Graham was recently on Fox News, discussing the firing of John Bolton, and potential replacements. Graham started off saying, “The one thing you got to learn about President Trump, that I’ve come to learn, is that he’s unconventional in a conventional way”. This clearly alludes to Graham’s “adaptation” to Trump’s conducting of policy. Graham even went as far to say that “It’s okay, I think, to talk with the Taliban… if there’s a reason to believe they’re going to accept peace and change their behavior”. Such a statement would be seen as a sin in neoconservative circles, for it violates the Bush doctrine- “You’re either with us, or you’re with the terrorists”.

What was even more peculiar for Graham, was to openly tell President Trump “I told the President, you’re right to want to reduce our commitment. You’re right to want to lower our cost”. Graham even went as far as to critique foreign interventionism, proclaiming “18 years later, what have we found? Al Qaeda’s still there. ISIS is there… We can’t do in Afghanistan what we did in Iraq… I’d like to end the war. And the only way you ever end a war is to get the two sides talking”. For a split second, Graham’s sentiment was reminiscent of Ron Paul’s 2008 and 2012 campaigns.

This phenomenon has big implications for Trump’s guiding of the GOP. Just in the 2016 election, Graham referred to Trump as a “jackass”. Now, he has realized that to remain relevant within the Party, he must adapt. This is true for many others as well, including Chuck Grassley and Donald Rumsfeld, neither of which one could hardly characterize as populists.

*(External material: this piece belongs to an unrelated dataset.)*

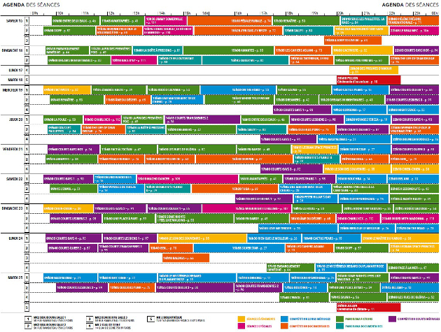 Vous pouvez voir ci-dessous le planning dense des œuvres projetées, et allez les découvrir plus en détail sur le site officiel ou en téléchargeant le très beau programme du festival.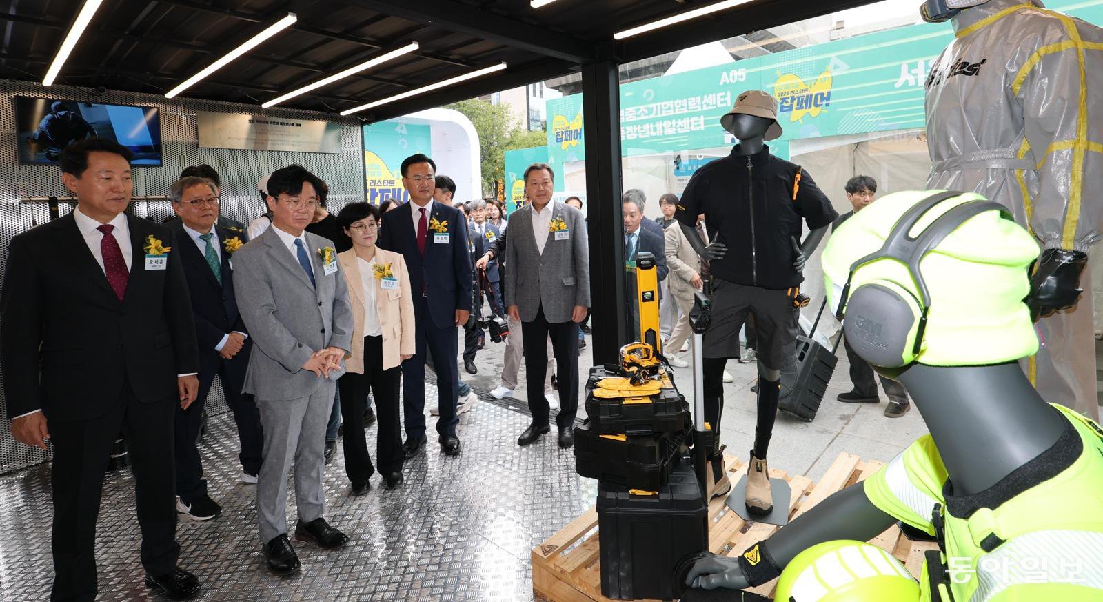 25일 ‘2025 리스타트 잡페어’에 마련된 ‘일자리안전특별관’을 찾은 주요 인사들이 코오롱인더스트리 FnC 부문의 작업복 브랜드 부스를 둘러보고 있다. 홍진환 기자 jean@donga.com

Trump’s “taking over” of the GOP has made its way into foreign policy. It has radically changed the direction of the Republican Party in ways one could have never conceived. Trump has embodied a volatile, “pufferfish” approach in foreign policy, one that could potentially swing the wrong way and lead to great cataclysm. So far however, it has had some implications of restraint, and has forced the neocon establishment to make changes in their conduct.